• _RECORD SET_:
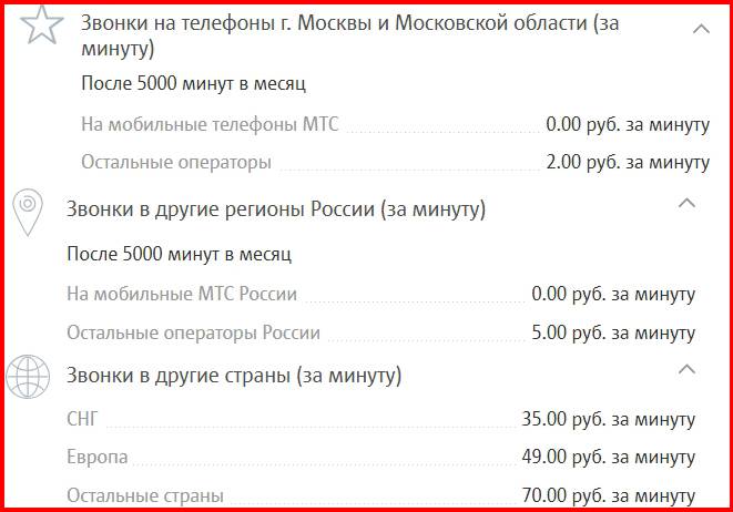 Вот «обычные» дополнительные тарифы для всех остальных карт:
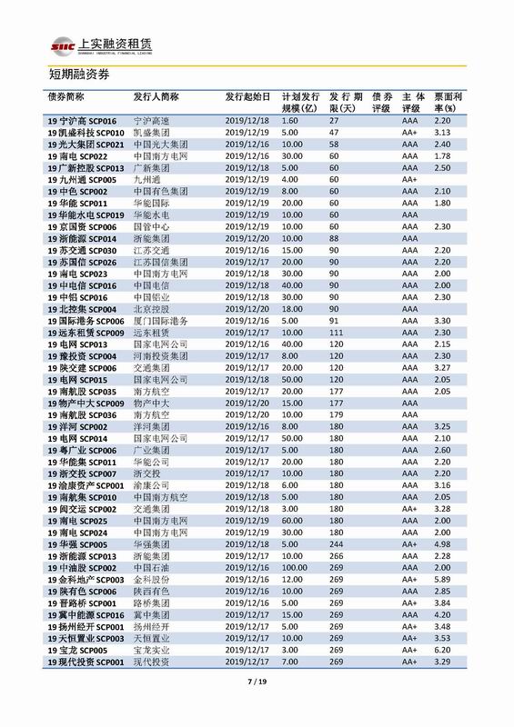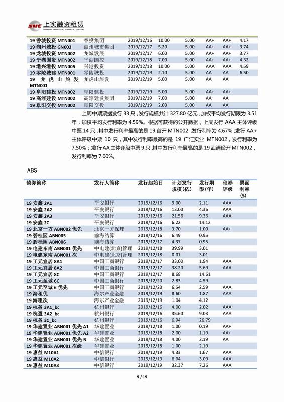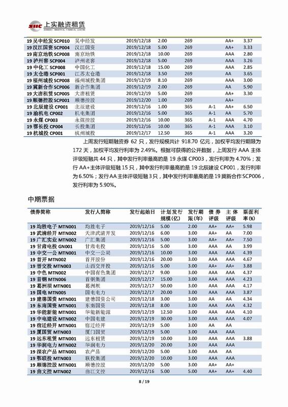 | 當(dāng)前位置:新聞中心 > 上實(shí)-融資工具周報(bào)2019.12.16-2019.12.20 | |||||
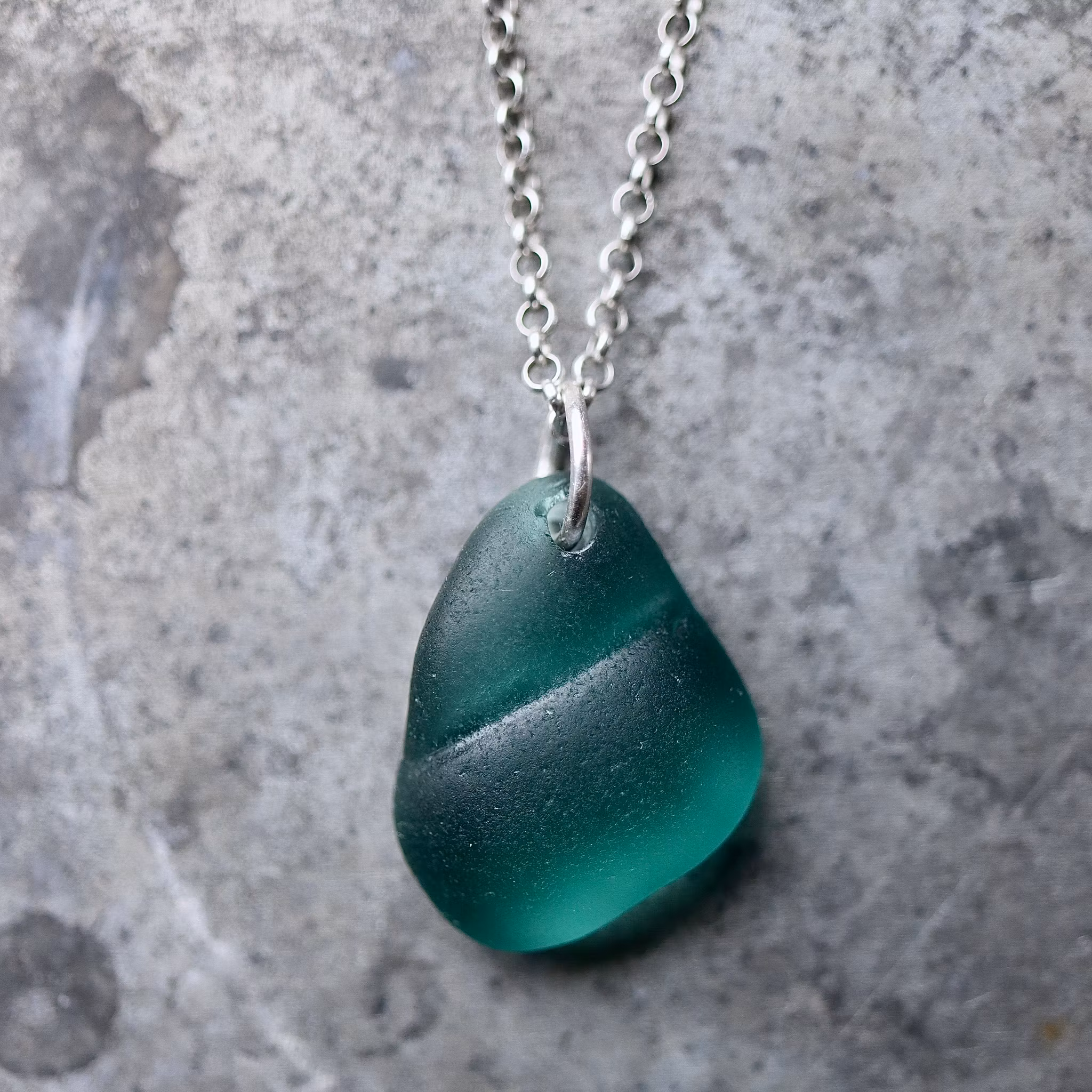 Havsglaset är samlat längs Skånes stränder och helt obearbetat, endast varsamt tvättat och borrat.
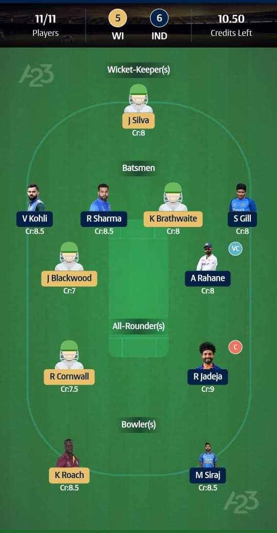 For small leagues: Ajinkya Rahane (c), Kraigg Brathwaite (vc)
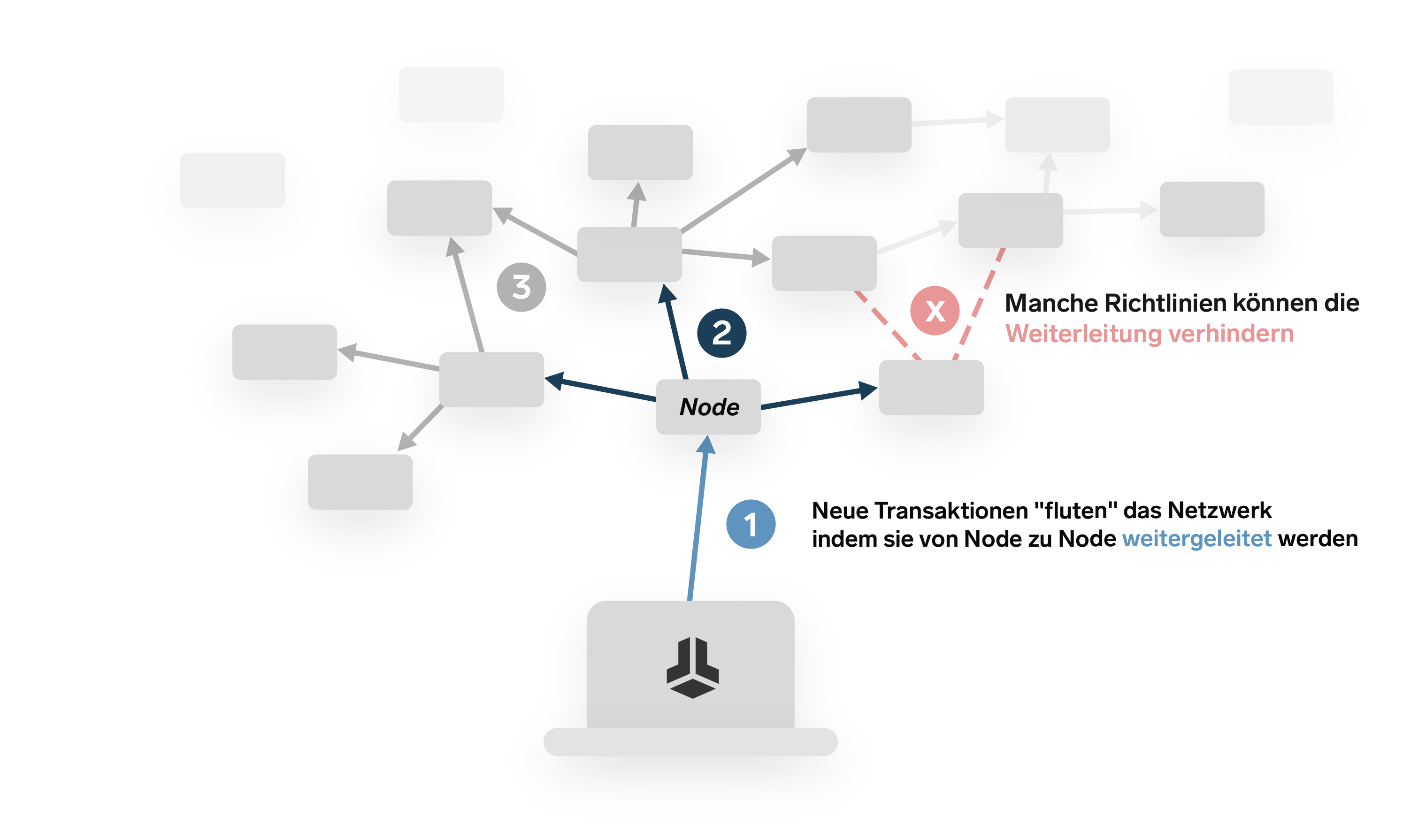 Letztlich erreichen die meisten Transaktionen fast alle Nodes – selbst wenn einige sie nicht weiterleiten, wie man es auch etwas vereinfacht in der Grafik erkennen kann.
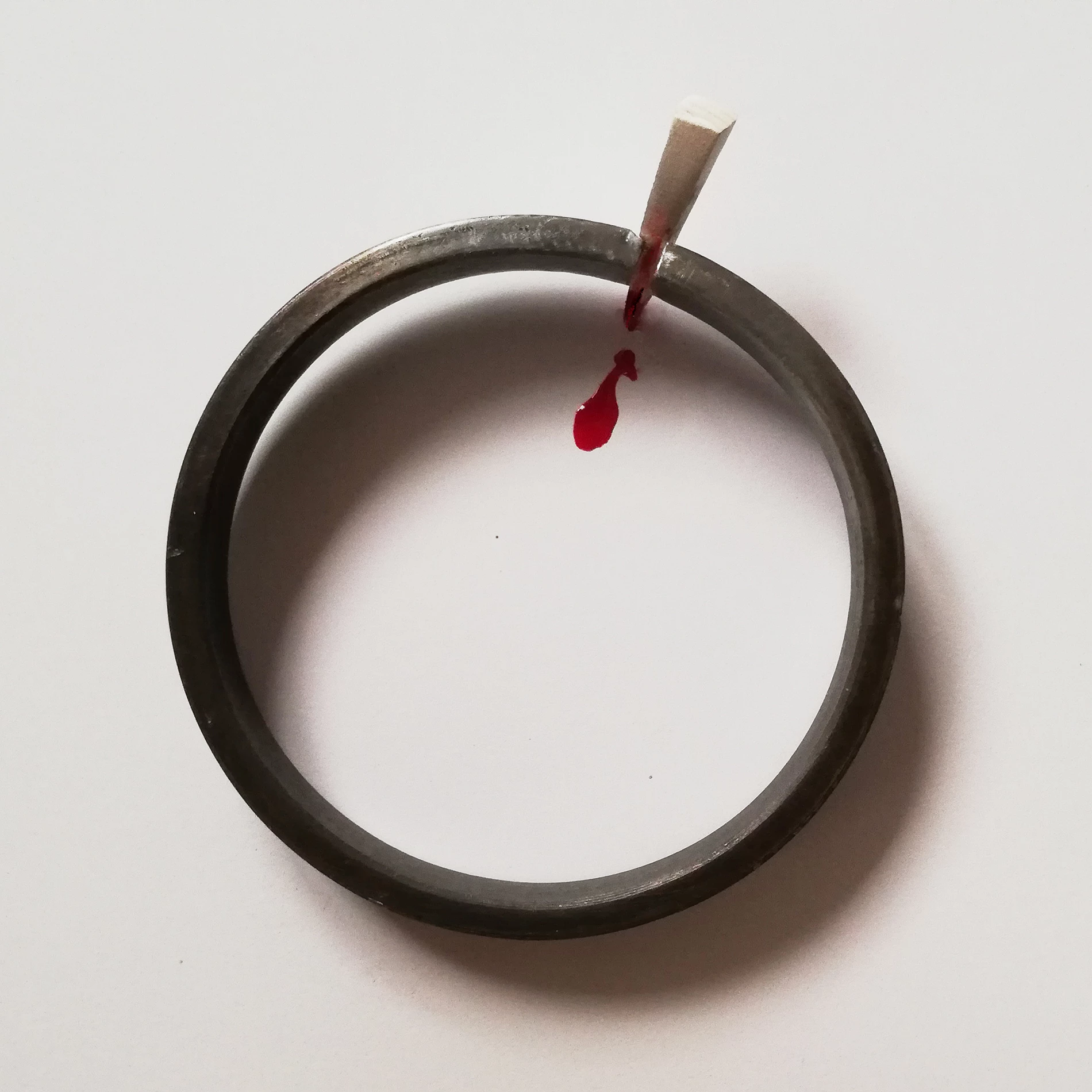 A. Majewska, GRANICA, 2021 R., obiekt (obręcz stalowa, klin dreniany, kropla czerwonego płynu), wymiary 120 x 120 x 25 mm
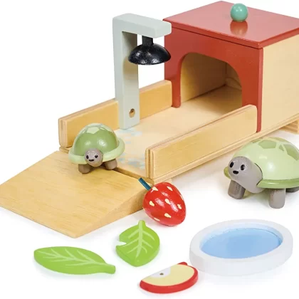 مجموعة السلحفاة الخشبية للحيوانات الأليفة - تتضمن 10 قطع: السلحفاة المومياء والطفل والمنزل والطعام - مثالية للأطفال من سن 3 سنوات فما فوق |
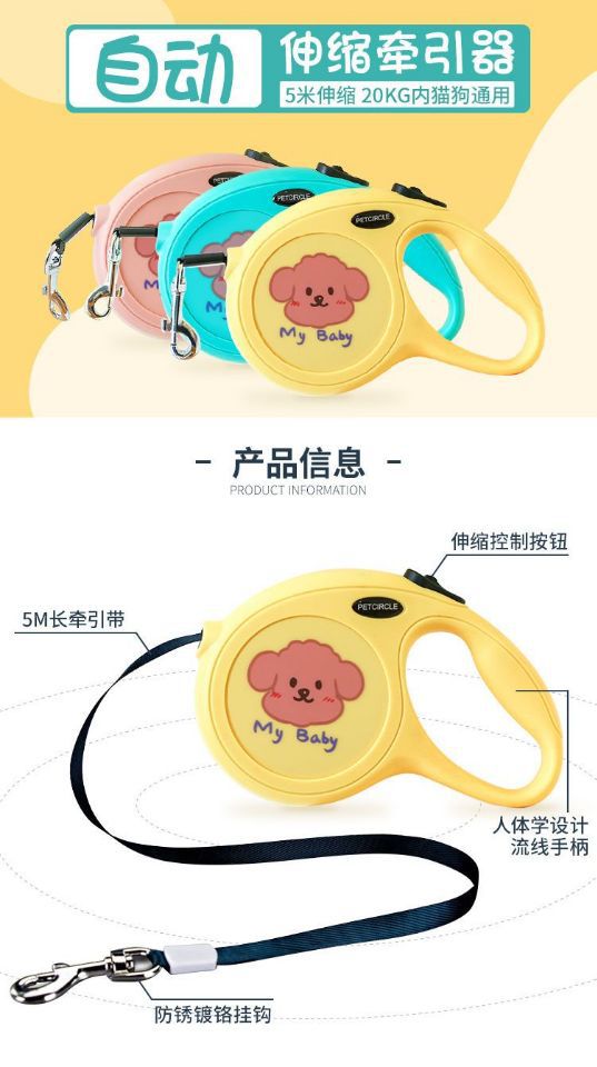 펫서클 강아지 고양이 목줄 자동 신축식 도그 리드 도매 귀여운 제조업체 직배송
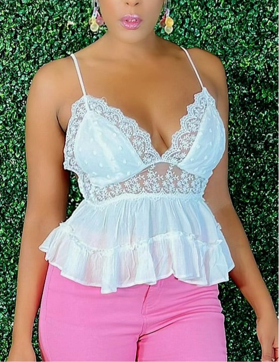 Dainty, white peplum style top with spaghetti straps and lace detailing on the bust and midsection.
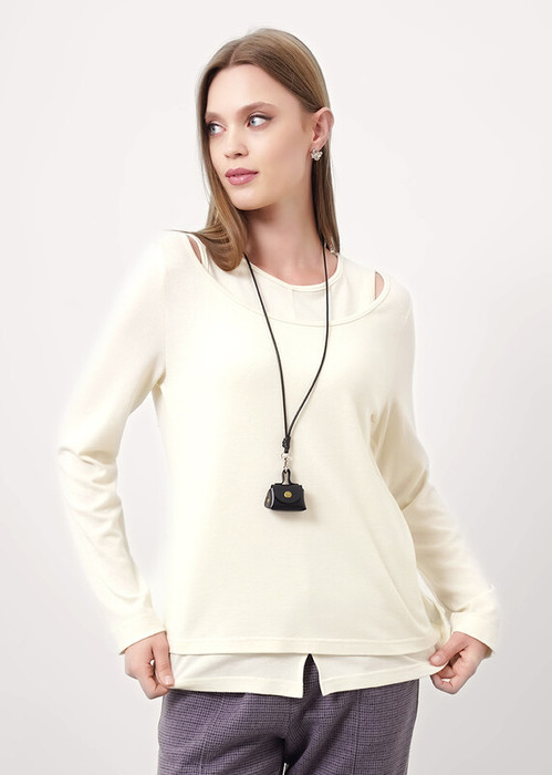 Джемпер из трикотажного полотна вискоза вязанная. Округлая горловина с окантовкой. Втачной длинный рукав. Перед двойной (нижний слой со средним швом и разрезом внизу).

• _TASK DIRECTIONS_: Return each line from the material above exactly, but not the pictures.

• _ANSWER SPACE_:
 Вот «обычные» дополнительные тарифы для всех остальных карт:
 | 當(dāng)前位置:新聞中心 > 上實(shí)-融資工具周報(bào)2019.12.16-2019.12.20 | |||||
 Havsglaset är samlat längs Skånes stränder och helt obearbetat, endast varsamt tvättat och borrat.
 For small leagues: Ajinkya Rahane (c), Kraigg Brathwaite (vc)
 Letztlich erreichen die meisten Transaktionen fast alle Nodes – selbst wenn einige sie nicht weiterleiten, wie man es auch etwas vereinfacht in der Grafik erkennen kann.
 A. Majewska, GRANICA, 2021 R., obiekt (obręcz stalowa, klin dreniany, kropla czerwonego płynu), wymiary 120 x 120 x 25 mm
 مجموعة السلحفاة الخشبية للحيوانات الأليفة - تتضمن 10 قطع: السلحفاة المومياء والطفل والمنزل والطعام - مثالية للأطفال من سن 3 سنوات فما فوق |
 펫서클 강아지 고양이 목줄 자동 신축식 도그 리드 도매 귀여운 제조업체 직배송
 Dainty, white peplum style top with spaghetti straps and lace detailing on the bust and midsection.
 Джемпер из трикотажного полотна вискоза вязанная. Округлая горловина с окантовкой. Втачной длинный рукав. Перед двойной (нижний слой со средним швом и разрезом внизу).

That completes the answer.